■ **WHAT IS REQUIRED**: In the entries below, every line with the string "equipped" is to be reported.

■ **DATA RECORDS**:
▬▬▬

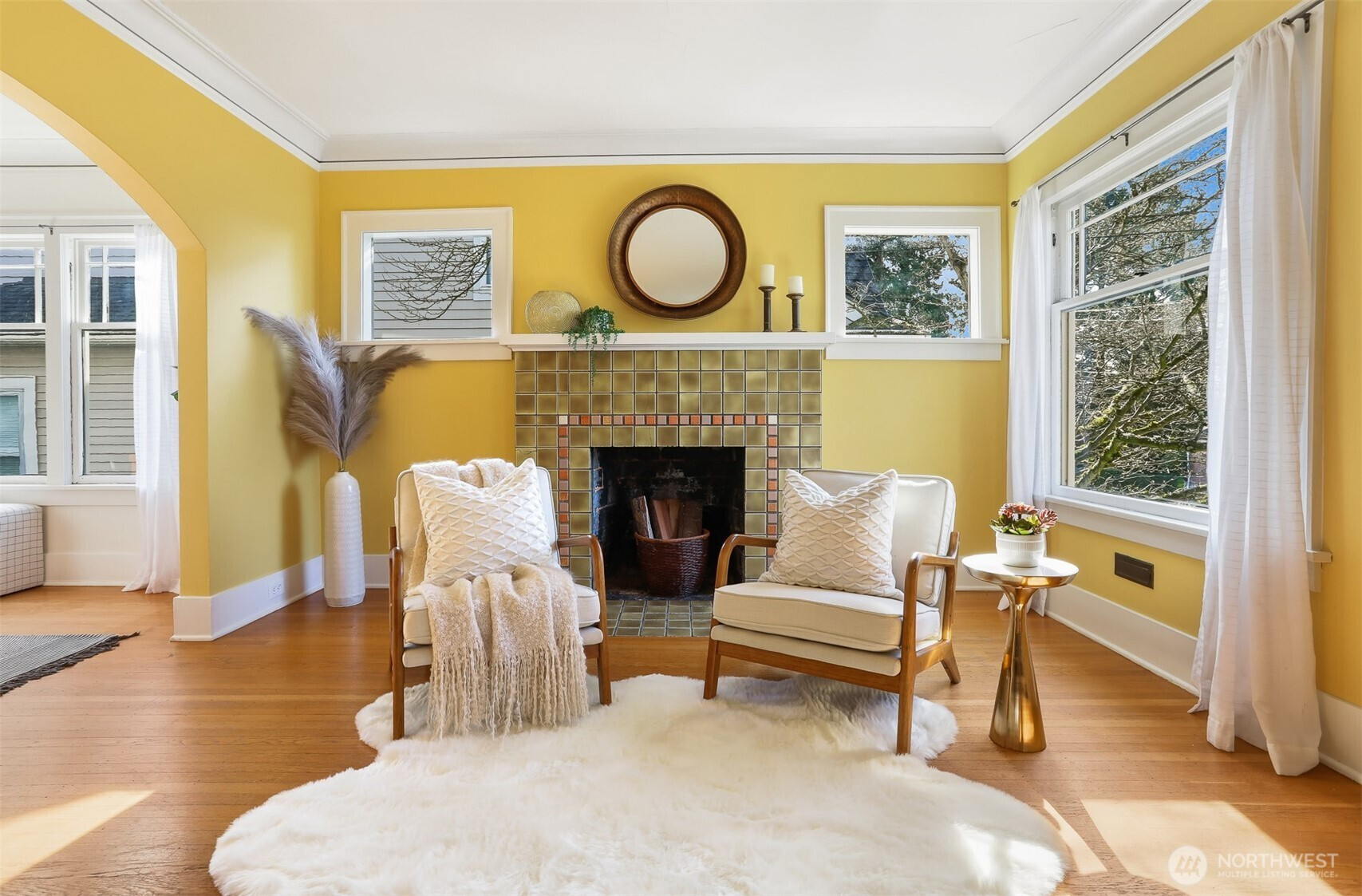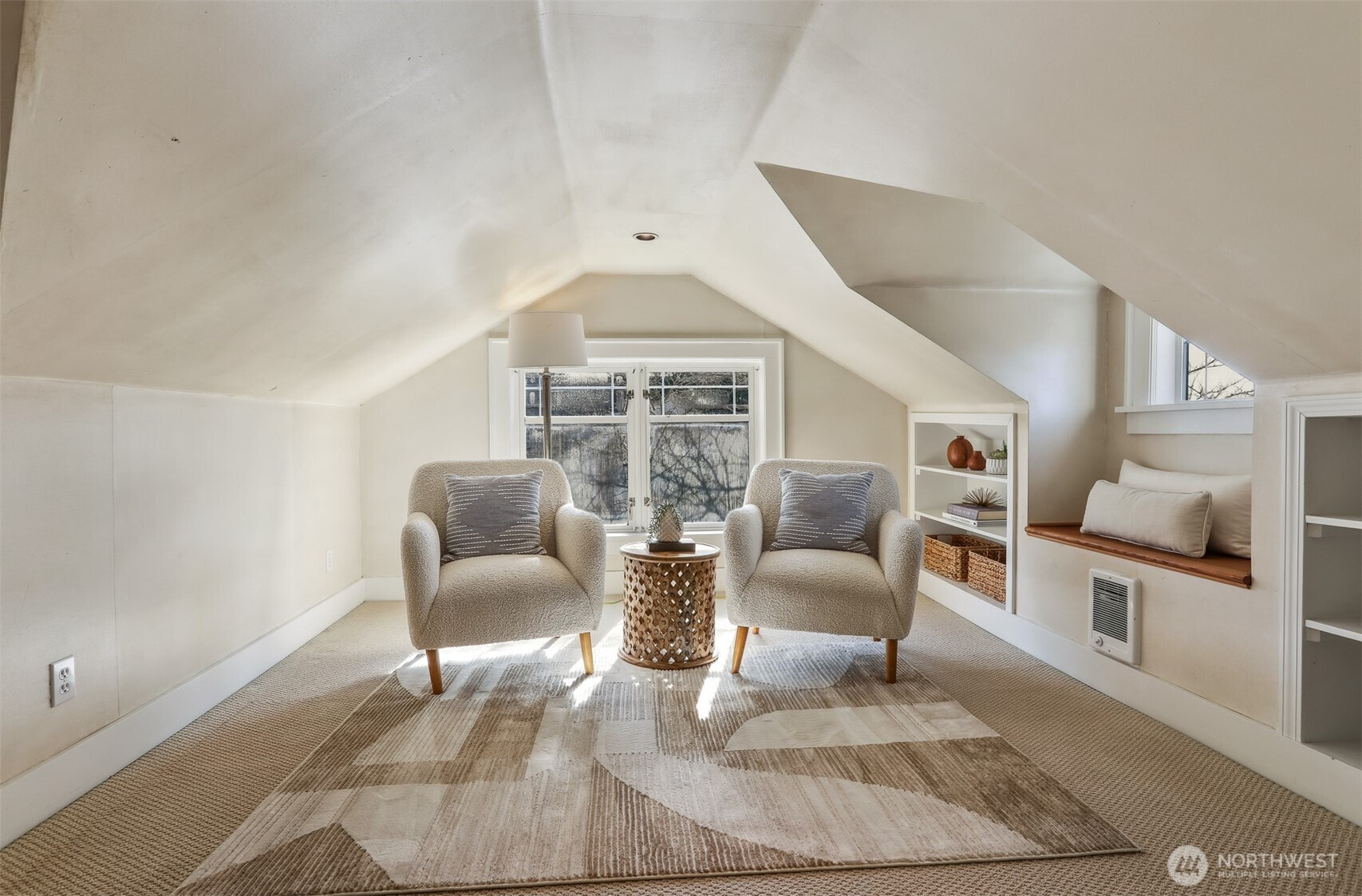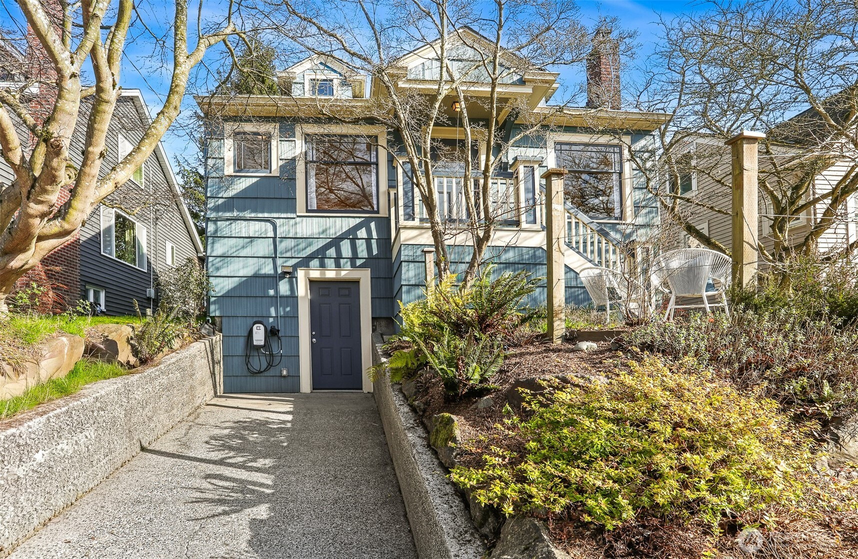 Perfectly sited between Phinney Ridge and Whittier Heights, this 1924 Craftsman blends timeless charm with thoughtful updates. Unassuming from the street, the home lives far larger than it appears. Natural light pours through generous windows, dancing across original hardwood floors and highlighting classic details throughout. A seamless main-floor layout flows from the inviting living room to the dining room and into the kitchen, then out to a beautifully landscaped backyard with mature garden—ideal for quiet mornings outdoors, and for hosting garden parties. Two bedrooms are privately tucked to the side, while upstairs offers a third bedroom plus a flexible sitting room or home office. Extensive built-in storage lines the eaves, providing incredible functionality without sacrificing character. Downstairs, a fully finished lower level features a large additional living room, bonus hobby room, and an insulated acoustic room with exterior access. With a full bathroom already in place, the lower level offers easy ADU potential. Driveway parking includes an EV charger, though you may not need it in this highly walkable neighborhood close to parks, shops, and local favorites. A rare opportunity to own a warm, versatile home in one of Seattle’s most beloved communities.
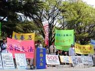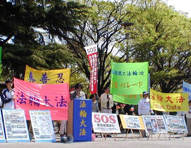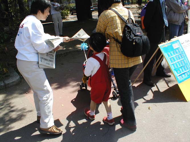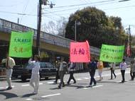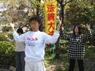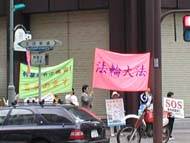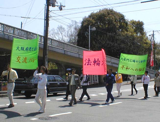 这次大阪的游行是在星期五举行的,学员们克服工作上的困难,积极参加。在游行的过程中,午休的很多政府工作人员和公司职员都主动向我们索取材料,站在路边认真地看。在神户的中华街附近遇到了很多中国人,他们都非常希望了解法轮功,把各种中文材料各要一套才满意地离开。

▬▬▬

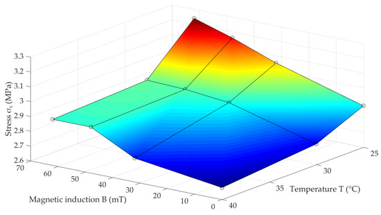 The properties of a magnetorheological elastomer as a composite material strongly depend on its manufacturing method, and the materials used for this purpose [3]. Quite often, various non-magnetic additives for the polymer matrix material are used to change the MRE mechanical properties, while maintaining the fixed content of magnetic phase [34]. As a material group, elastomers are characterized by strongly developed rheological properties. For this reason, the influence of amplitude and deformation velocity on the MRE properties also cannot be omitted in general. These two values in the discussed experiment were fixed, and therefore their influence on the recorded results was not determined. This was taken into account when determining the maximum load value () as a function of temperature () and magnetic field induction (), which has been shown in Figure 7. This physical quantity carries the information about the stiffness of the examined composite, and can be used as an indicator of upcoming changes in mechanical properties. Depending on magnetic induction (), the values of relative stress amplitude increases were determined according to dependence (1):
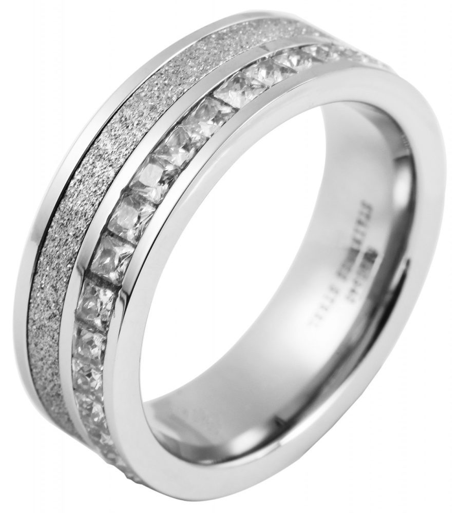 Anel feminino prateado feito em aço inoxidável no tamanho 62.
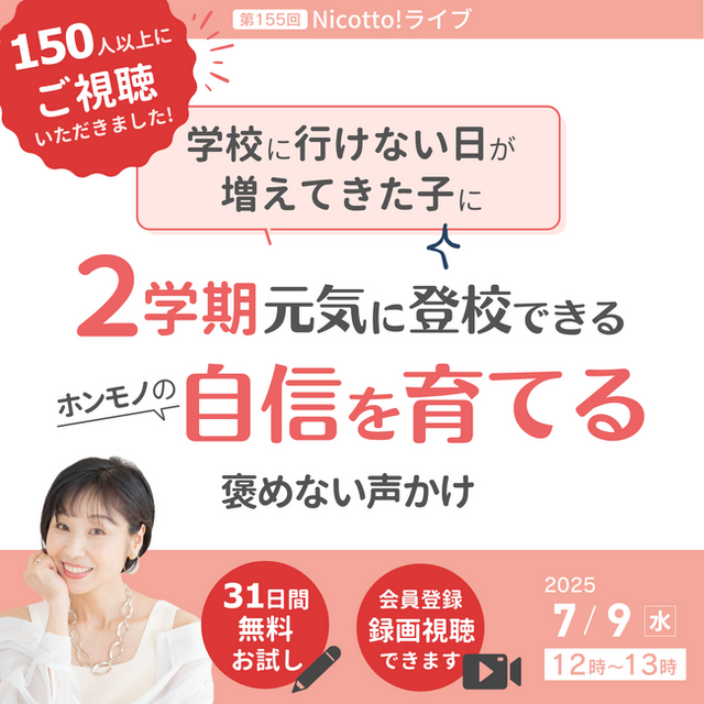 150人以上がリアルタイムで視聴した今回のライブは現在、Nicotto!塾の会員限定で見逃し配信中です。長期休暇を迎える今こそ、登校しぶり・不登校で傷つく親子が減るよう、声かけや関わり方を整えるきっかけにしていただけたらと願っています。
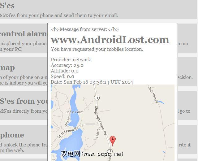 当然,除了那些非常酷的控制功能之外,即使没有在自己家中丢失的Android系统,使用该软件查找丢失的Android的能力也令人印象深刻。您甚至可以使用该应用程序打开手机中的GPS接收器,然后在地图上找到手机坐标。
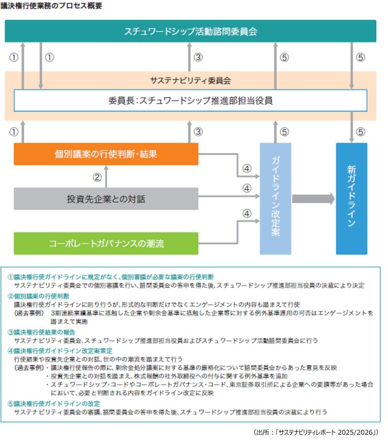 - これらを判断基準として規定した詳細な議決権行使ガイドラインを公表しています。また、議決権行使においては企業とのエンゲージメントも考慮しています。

▬▬▬

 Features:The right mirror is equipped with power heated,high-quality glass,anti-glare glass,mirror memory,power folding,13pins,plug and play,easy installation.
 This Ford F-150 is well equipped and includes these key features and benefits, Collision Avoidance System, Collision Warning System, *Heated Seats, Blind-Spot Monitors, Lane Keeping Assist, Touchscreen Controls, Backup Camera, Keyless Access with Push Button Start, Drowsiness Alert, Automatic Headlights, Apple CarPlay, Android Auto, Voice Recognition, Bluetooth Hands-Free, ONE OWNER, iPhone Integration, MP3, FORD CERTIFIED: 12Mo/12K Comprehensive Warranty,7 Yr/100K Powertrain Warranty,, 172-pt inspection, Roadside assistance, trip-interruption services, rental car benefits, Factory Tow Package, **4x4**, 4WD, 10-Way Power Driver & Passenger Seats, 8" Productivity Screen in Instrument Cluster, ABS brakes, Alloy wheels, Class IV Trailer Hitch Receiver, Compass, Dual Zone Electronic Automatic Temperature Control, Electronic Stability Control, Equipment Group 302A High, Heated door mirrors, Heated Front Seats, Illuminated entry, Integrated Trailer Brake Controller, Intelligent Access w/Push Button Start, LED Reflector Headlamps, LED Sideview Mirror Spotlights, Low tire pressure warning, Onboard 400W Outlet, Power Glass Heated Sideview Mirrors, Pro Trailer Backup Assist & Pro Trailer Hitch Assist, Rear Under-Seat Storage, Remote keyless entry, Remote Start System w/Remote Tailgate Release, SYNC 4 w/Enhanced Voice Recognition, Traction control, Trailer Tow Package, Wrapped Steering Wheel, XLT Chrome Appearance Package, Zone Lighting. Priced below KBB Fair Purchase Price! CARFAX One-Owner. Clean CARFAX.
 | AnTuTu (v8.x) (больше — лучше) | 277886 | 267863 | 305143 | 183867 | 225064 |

▬▬▬

■ **THE ANSWER**:
 Features:The right mirror is equipped with power heated,high-quality glass,anti-glare glass,mirror memory,power folding,13pins,plug and play,easy installation.
 This Ford F-150 is well equipped and includes these key features and benefits, Collision Avoidance System, Collision Warning System, *Heated Seats, Blind-Spot Monitors, Lane Keeping Assist, Touchscreen Controls, Backup Camera, Keyless Access with Push Button Start, Drowsiness Alert, Automatic Headlights, Apple CarPlay, Android Auto, Voice Recognition, Bluetooth Hands-Free, ONE OWNER, iPhone Integration, MP3, FORD CERTIFIED: 12Mo/12K Comprehensive Warranty,7 Yr/100K Powertrain Warranty,, 172-pt inspection, Roadside assistance, trip-interruption services, rental car benefits, Factory Tow Package, **4x4**, 4WD, 10-Way Power Driver & Passenger Seats, 8" Productivity Screen in Instrument Cluster, ABS brakes, Alloy wheels, Class IV Trailer Hitch Receiver, Compass, Dual Zone Electronic Automatic Temperature Control, Electronic Stability Control, Equipment Group 302A High, Heated door mirrors, Heated Front Seats, Illuminated entry, Integrated Trailer Brake Controller, Intelligent Access w/Push Button Start, LED Reflector Headlamps, LED Sideview Mirror Spotlights, Low tire pressure warning, Onboard 400W Outlet, Power Glass Heated Sideview Mirrors, Pro Trailer Backup Assist & Pro Trailer Hitch Assist, Rear Under-Seat Storage, Remote keyless entry, Remote Start System w/Remote Tailgate Release, SYNC 4 w/Enhanced Voice Recognition, Traction control, Trailer Tow Package, Wrapped Steering Wheel, XLT Chrome Appearance Package, Zone Lighting. Priced below KBB Fair Purchase Price! CARFAX One-Owner. Clean CARFAX.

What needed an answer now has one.